Renewals at the point of consumption are probably ideal, but we're not there yet.

Actually, renewables are more expensive than nuclear when measured by Kwh. It's just that nuclear plants themselves are incredibly expensive to build and maintain. Oh, and you get nutters like Bernie who oppose projects to build reliable waste storage facilities and then go around lamenting the state of our nuclear waste storage facilities as a reason to not invest in nuclear.

https://www.forbes.com/sites/michaelshellenberger/2019/02/08/the-only-green-new-deals-that-have-ever-worked-were-done-with-nuclear-not-renewables/#b54eefb7f61c

Should we not be using the LCOE metrics for cost comparisons?
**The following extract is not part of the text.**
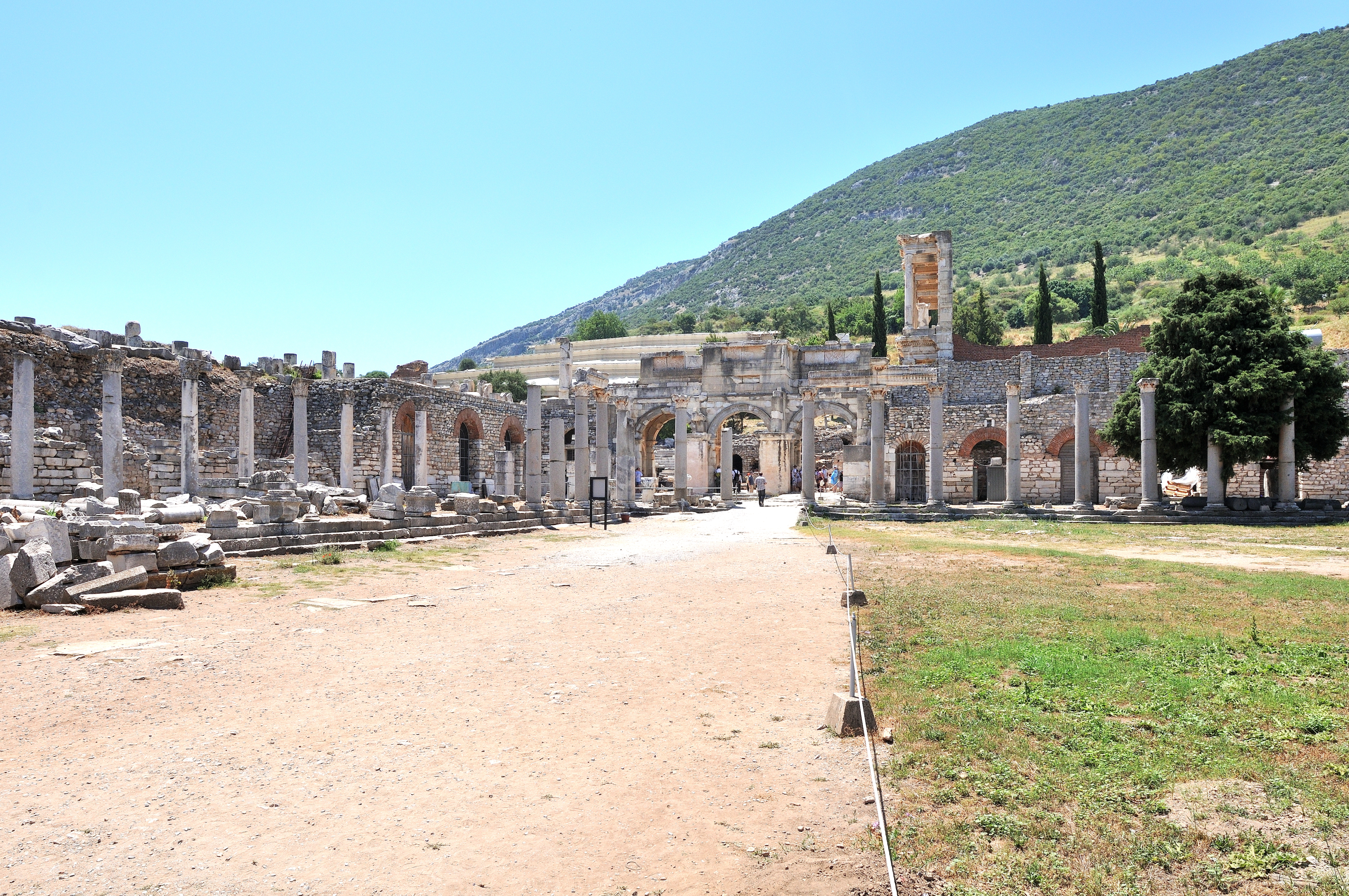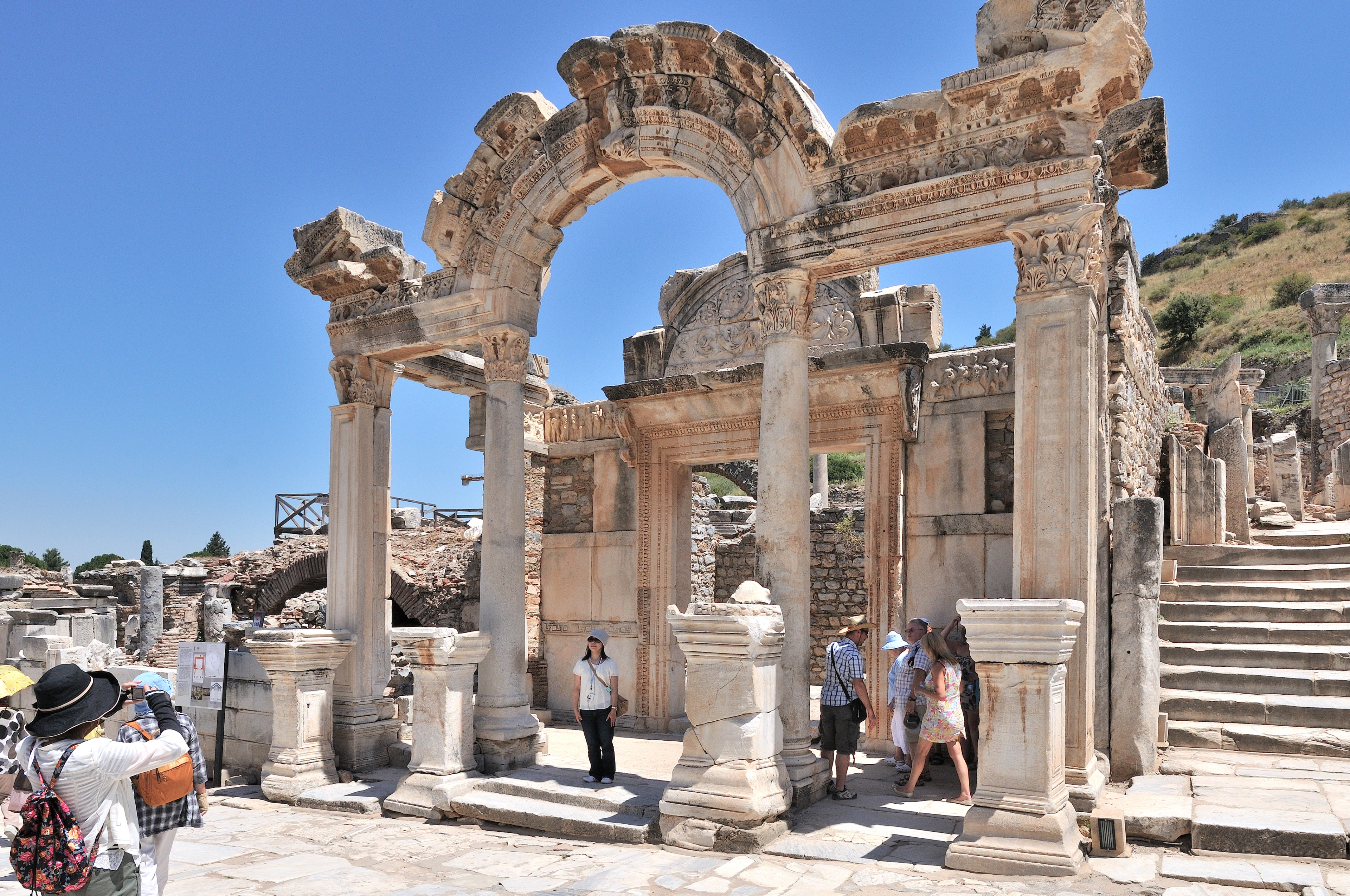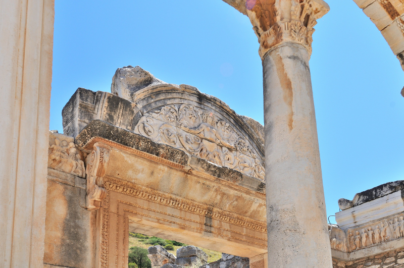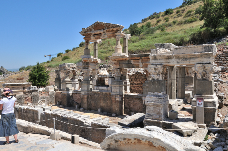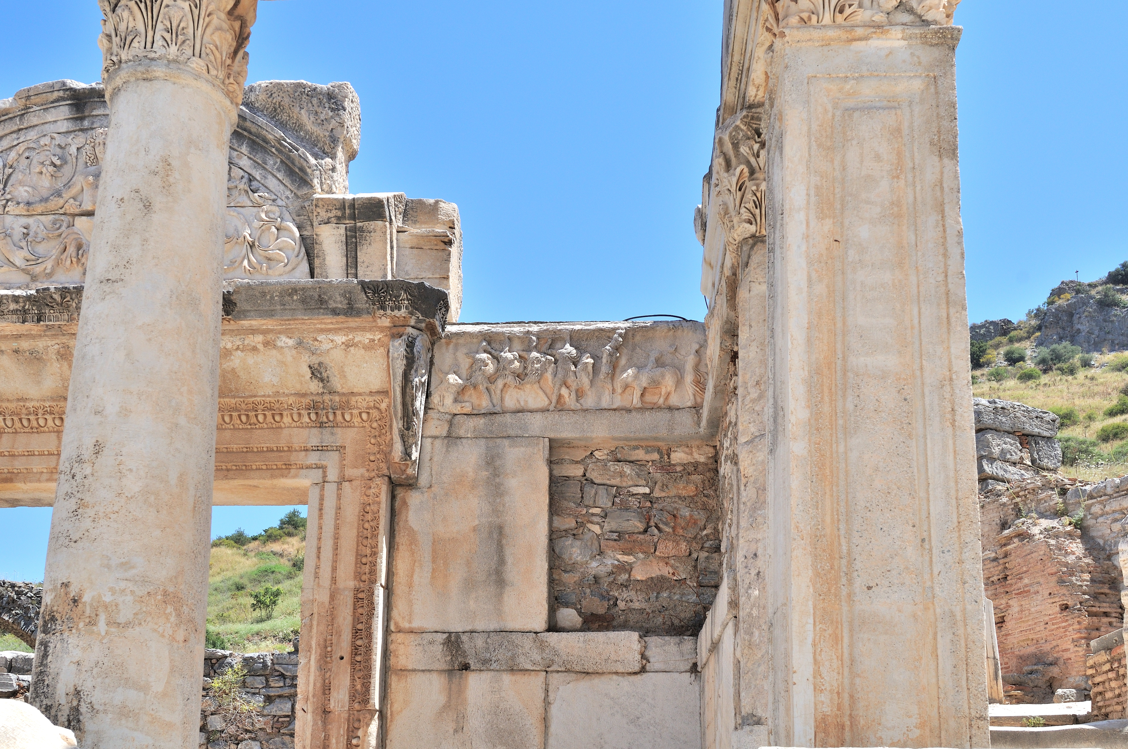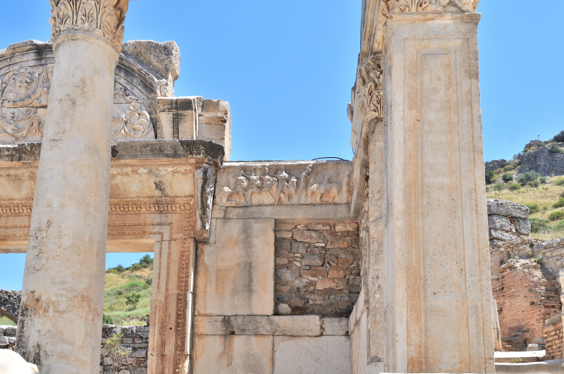 | ハドリアヌス神殿 [Hadrian Tapınağı] (12:10) 奥の門の、左右の小壁にはエフェスの起源伝説が描かれ、右の壁には象に乗って来たギリシアの王子アンドロクロス [Androclus] が彫られており、左の壁には沢山の女神や神の像が彫られている。 「北」MAPLay. 3 A |

I'm not sure that really applies to this particular debate. If anything, LCOE tends to favor baseload power sources like nuclear, gas, and coal over intermittent ones like wind and solar. What I really took away from the article was that even with storage technology, even with selling electricity to other grids, you're still looking at a cost per Kwh that's higher than nuclear, and at best only keeps emissions flat. That's because storing and selling energy make energy more expensive, whereas if you can build a plant that can generate energy anywhere you need it (à la nuclear) then you don't need an advanced grid like you do when you can only generate energy in certain areas and need to sell off the excess when you're generating more than you need. The part about emissions is maybe even more pertinent, because in every single country where they've scaled back nuclear and ramped up renewables, emissions have risen or stayed flat. That's because they simply can't keep up with baseload power sources in 98% of the circumstances, and when they can it takes a massive investment. You have to have a LOT of wind/solar plants to generate the same amount of power as a nuclear plant. And most of the time those countries, municipalities, etc. just go to natural gas plants because they're fairly cheap and gas is dirt cheap right now. It's not a choice between rewnewables and nuclear, it's a choice between nuclear and gas. Renewables, at this point, are almost exclusively used to reduce baseload power generation when it's convenient.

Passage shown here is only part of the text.